Using the data below, transcribe exactly everything from the line that contains "Operasi Pokok Tumbang" down to the line that contains "Fig. 6 Estado". Include both of those lines and none of the pictures.

[Records provided]
▶

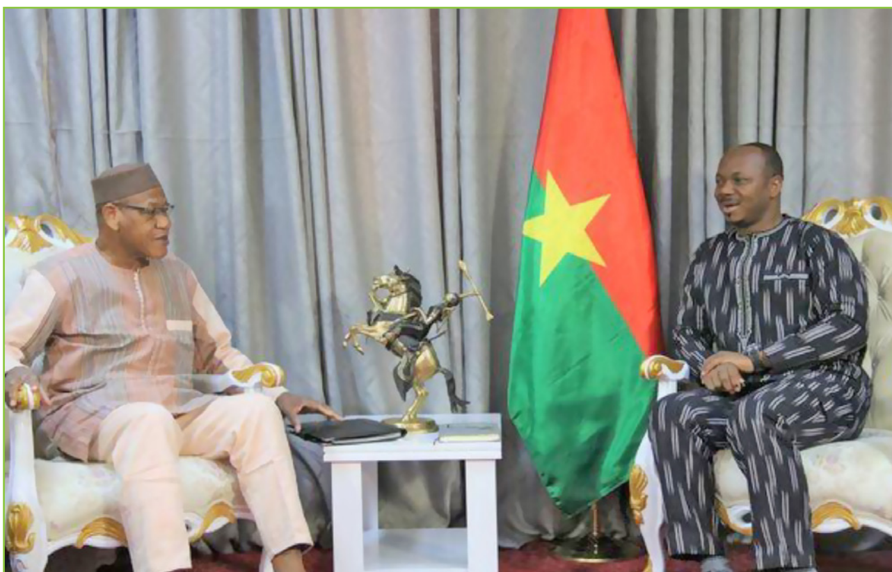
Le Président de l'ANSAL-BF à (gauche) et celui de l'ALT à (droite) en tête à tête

◀
▶

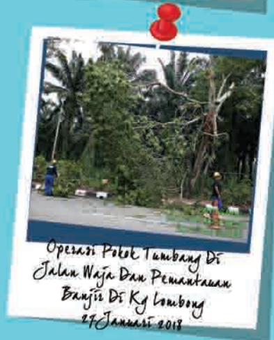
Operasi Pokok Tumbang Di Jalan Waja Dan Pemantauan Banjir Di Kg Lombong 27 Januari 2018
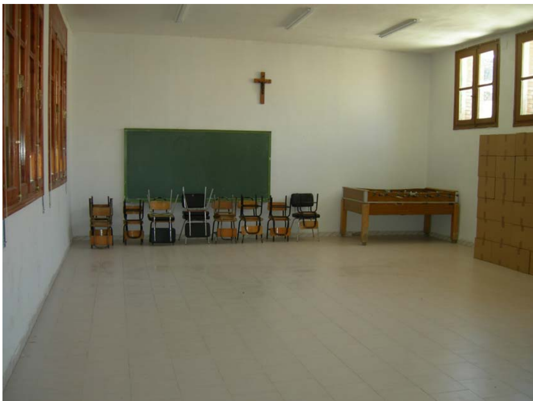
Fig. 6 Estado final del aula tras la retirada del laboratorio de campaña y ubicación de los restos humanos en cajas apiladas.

◀

[Solution to this task]
Operasi Pokok Tumbang Di Jalan Waja Dan Pemantauan Banjir Di Kg Lombong 27 Januari 2018
Fig. 6 Estado final del aula tras la retirada del laboratorio de campaña y ubicación de los restos humanos en cajas apiladas.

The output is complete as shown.